Andrew Morton [Sun, 25 May 2003 08:12:57 +0000 (01:12 -0700)]
[PATCH] overcommit root margin
From: Dave Hansen <haveblue@us.ibm.com>
This patch makes vm_enough_memory(), more likely return failure when
overcommit_memory==0 and !CAP_SYS_ADMIN. I'm not sure it's worth having
another tunable just for this.
I also reworked the documentation a bit. It should be a lot clearer to
read now.
Andrew Morton [Sun, 25 May 2003 08:12:47 +0000 (01:12 -0700)]
[PATCH] devpts xattr handler for security labels
From: Stephen Smalley <sds@epoch.ncsc.mil>
This patch against 2.5.69-bk adds an xattr handler for security labels
to devpts and corresponding hooks to the LSM API to support conversion
between xattr values and the security labels stored in the inode
security field by the security module.
This allows userspace to get and set the security labels on devpts
nodes, e.g. so that sshd can set the security label for the pty using
setxattr, just as sshd already sets the ownership using chown.

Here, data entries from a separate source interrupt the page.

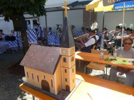 Ehe Pfarrer Hofstetter beim sommerlichen Pfarrfest auf dem Pfarrplatz die Zahlen der Kirchenrenovierung erläuterte, sprach er beim festlichen Gottesdienst unter der musikalischen Leitung von Kirchenmusiker Rainer Schütz von einer lebendigen Kirche, die einer ständigen Erneuerung bedarf. „Ich mag Dich!“ – mit diesen einfachen Worten sagte der Pfarrer JA zu einem Bauwerk, das schon viel erlebt hat und noch viel erleben wird. Erlebnisreich war auch das Pfarrfest, das aufgrund vieler ehrenamtlicher Helferinnen und Helfer und dank der gut aufspielenden Priener Blasmusik zu einem richtigen Fest wurde. Gerne wurden die kulinarischen und musikalischen Angebote von vielen Prienern und Gläubigen angenommen. Inmitten des Festes stand ein Kirchenmodell und Pfarrer Hofstetter hatte mit Blick auf die kleine und große Kirche vielfachen Grund „Vergelt´s Gott“ zu sagen. „Mein erster Dank gilt den Mitgliedern der Kirchenverwaltung, die sich allesamt ehrenamtlich engagieren, die mit Weitblick 2010 den Beschluss zur Aussenrenovierung gefasst und das Vorhaben mit Sachverstand und Ausdauer verfolgt haben“ – so Pfarrer Hofstetter, der namentlich den inzwischen verstorbenen Kaspar Steindlmüller nannte. Ein weiterer Dank galt der Diözese, der es nach den Worten von Pfarrer Hofstetter ein hohes Anliegen ist, Kirchen nicht nur als prägende Bauwerke in der heimatlichen Landschaft und Zeit, sondern auch als Stätte des Gottesdienstes und des Gebets zu erhalten. Fleiß, Können, Geduld und Verständnis – all dies gab es vom Architekten, den Firmen, den Arbeitern, Nachbarn und Geschäftsleuten bei dieser Baumaßnahme, so dass der ursprüngliche Kostenrahmen eingehalten und stets eine gute Stimmung gegenüber dem großen Bauwerk bewahrt werden konnte. Bestandteile der Baumaßnahmen waren unter anderem die Dachsanierung und die Erneuerung des von Karies befallenen Natursteins. Wie Pfarrer Hofstetter erklärte, gibt es für die Priener Kirche auch fortan bauliche Aufgaben zu erfüllen. „Erst vor wenigen Tagen hat die Glockensteuerung gestreikt, da hat uns die Kirche über 30 Minuten volles Geläut zum Fest Christi Himmelfahrt geschenkt“ – so der Pfarrer, der zum Abschluss allen Anwesenden mit diesem Satz dankte: „Ich danke dafür, dass Sie unsere Kirche gern mögen und dass Sie dazu beitragen, die Kirche als Bauwerk und als lebendige Gemeinschaft in eine gute Zukunft zu führen“.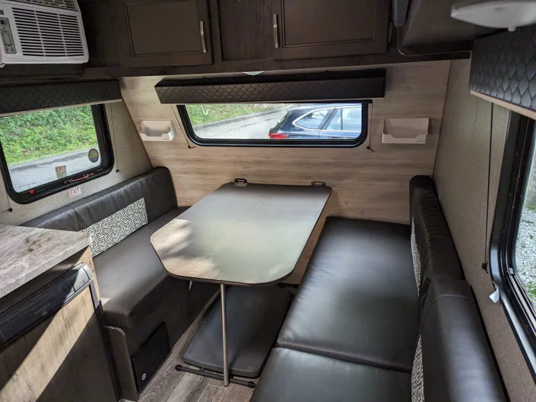 - Separate bench so you still have somewhere to sit even if you leave the dinette in the bed setting. This bench is also about the size of a cot, so it could sleep a small person.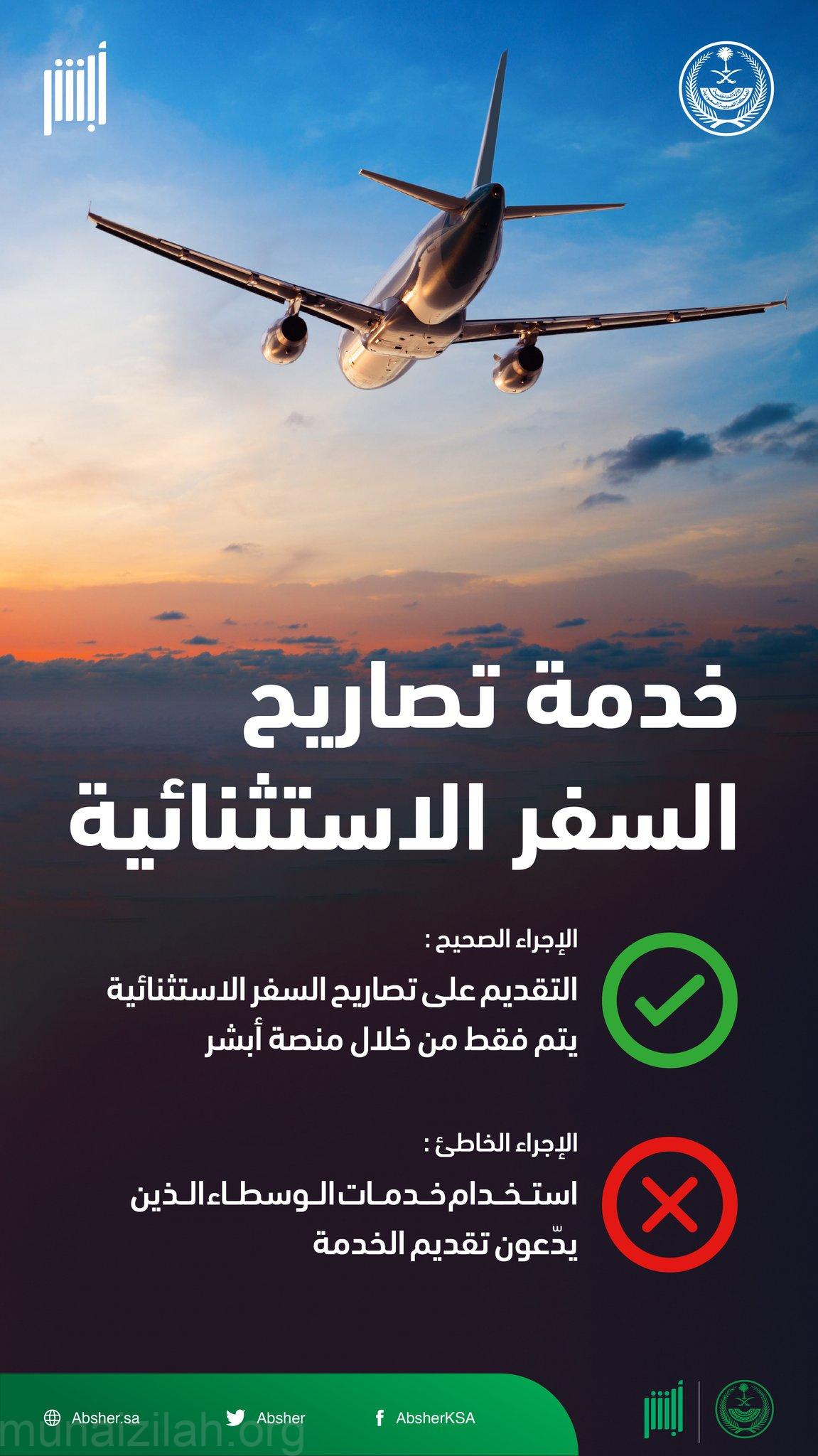 نوهت منصة «أبشر» بأن طلبات التقديم على خدمة تصاريح السفر الاستثنائية لا تتم إلا من خلال المنصة.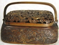 “小寒已近手难舒,终日掩门深闭庐。”说的是小寒时节,手冷得难以舒展,整日关门躲在家里。古人冬季取暖用的手炉是文人雅士几案上常备的用具。手炉的制作工艺,在明清时期达到顶峰。天博馆藏清代仿铜胡文明款鎏金手炉,铜有鎏金,体方圆而扁,腰部雕刻“海水江牙”纹饰等,盖上有龙云镂空及二提梁。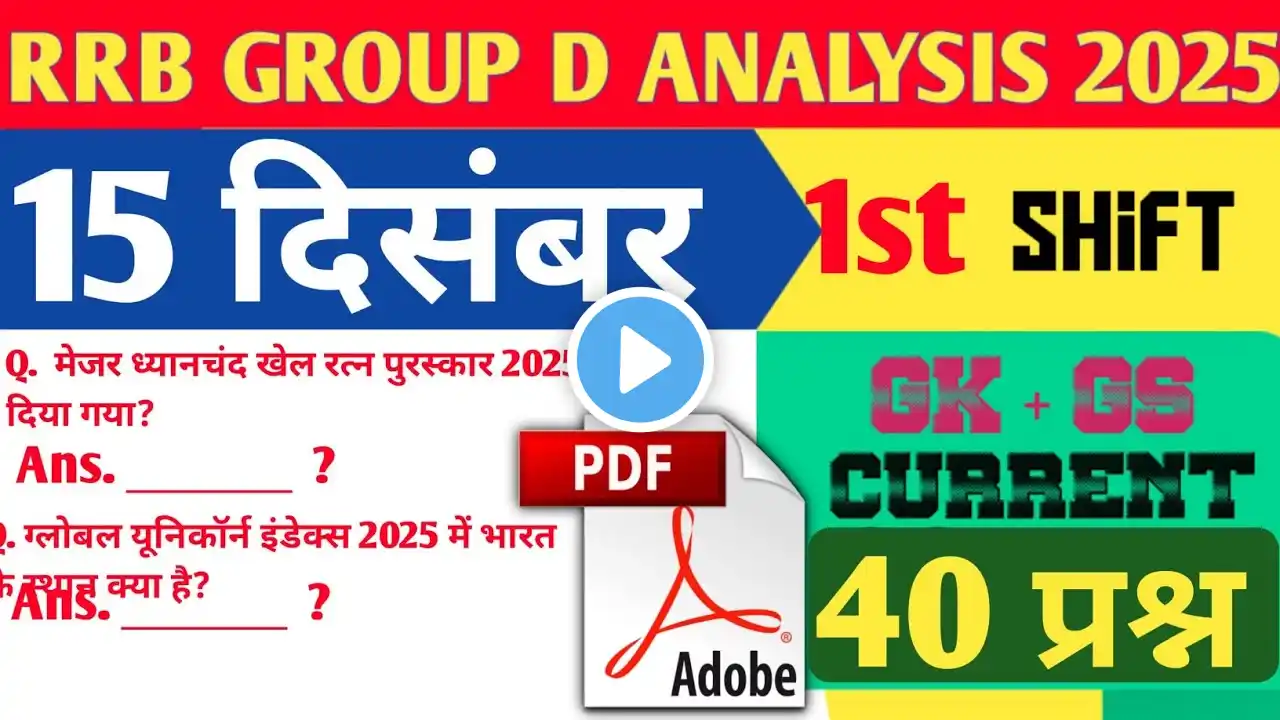 ЁЯУМ рдЗрд╕ рд╡реАрдбрд┐рдпреЛ рдореЗрдВ 5 December Exam shift рдХреЗ рд╕рднреА рдорд╣рддреНрд╡рдкреВрд░реНрдг рдкреНрд░рд╢реНрдиреЛрдВ рдХреЛ Exam Style Explanation рдХреЗ рд╕рд╛рде рд╕рдордЭрд╛рдпрд╛ рдЧрдпрд╛ рд╣реИред тЬФ Physics тЬФ Chemistry тЬФ Biology тЬФ Current Affairs тЬФ General Science ЁЯСЙ рдпрд╣ рд╡реАрдбрд┐рдпреЛ рдЦрд╛рд╕рдХрд░ рдирд┐рдореНрди рдкрд░реАрдХреНрд╖рд╛рдУрдВ рдХреЗ рд▓рд┐рдП рдмрд╣реБрдд рдЙрдкрдпреЛрдЧреА рд╣реИ: тАв RRB Group D тАв SSC GD / CHSL / MTS тАв Railway ALP / Technician тАв Defence Exams тАв State Level Exams ЁЯФ╣ рд╕рднреА рдкреНрд░рд╢реНрди exact exam pattern рдХреЗ рдЕрдиреБрд╕рд╛рд░ Option + рд╕рд╣реА рдЙрддреНрддрд░ + Explanation рдХреЗ рд╕рд╛рде рджрд┐рдП рдЧрдП рд╣реИрдВред ЁЯФ╣ рдмрд╛рд░-рдмрд╛рд░ рдкрд░реАрдХреНрд╖рд╛ рдореЗрдВ рдкреВрдЫреЗ рдЬрд╛рдиреЗ рд╡рд╛рд▓реЗ рд╕рд╡рд╛рд▓ ЁЯФе ЁЯФ╣ Revision, practice рдФрд░ exam preparation рдХреЗ рд▓рд┐рдП рдмреЗрд╣рддрд░реАрди ЁЯТп тЮбя╕П LIKE, SHARE рдФрд░ SUBSCRIBE рдХрд░рдирд╛ рди рднреВрд▓реЗрдВ ЁЯТЩ #RRB #GroupD #SSC #RailwayExam #CurrentAffairs #ExamPreparation #RRBGroupD #RRBNTPC #RailwayGroupD #SSCExam #GeneralScience #GKGS #DailyMCQ #ExamAnalysis #ExamBasedQuestions #CompetitiveExam #5DecemberShiftQuestions #StudyForSuccess #TrendingStudy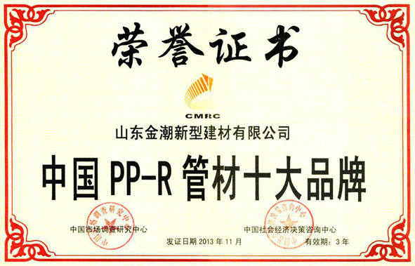金潮管業(yè)榮膺“中國PP-R管材十大品牌”稱號

SELinux uses this support to protect the pty in accordance with the user
process' security label. The changes to the LSM API are general and
should be re-useable by xattr handlers in other pseudo filesystems to
support similar security labeling. The xattr handler for devpts
includes the same generic framework as in ext[23], so handlers for other
kinds of attributes can be added easily in the future.
Andrew Morton [Sun, 25 May 2003 08:12:17 +0000 (01:12 -0700)]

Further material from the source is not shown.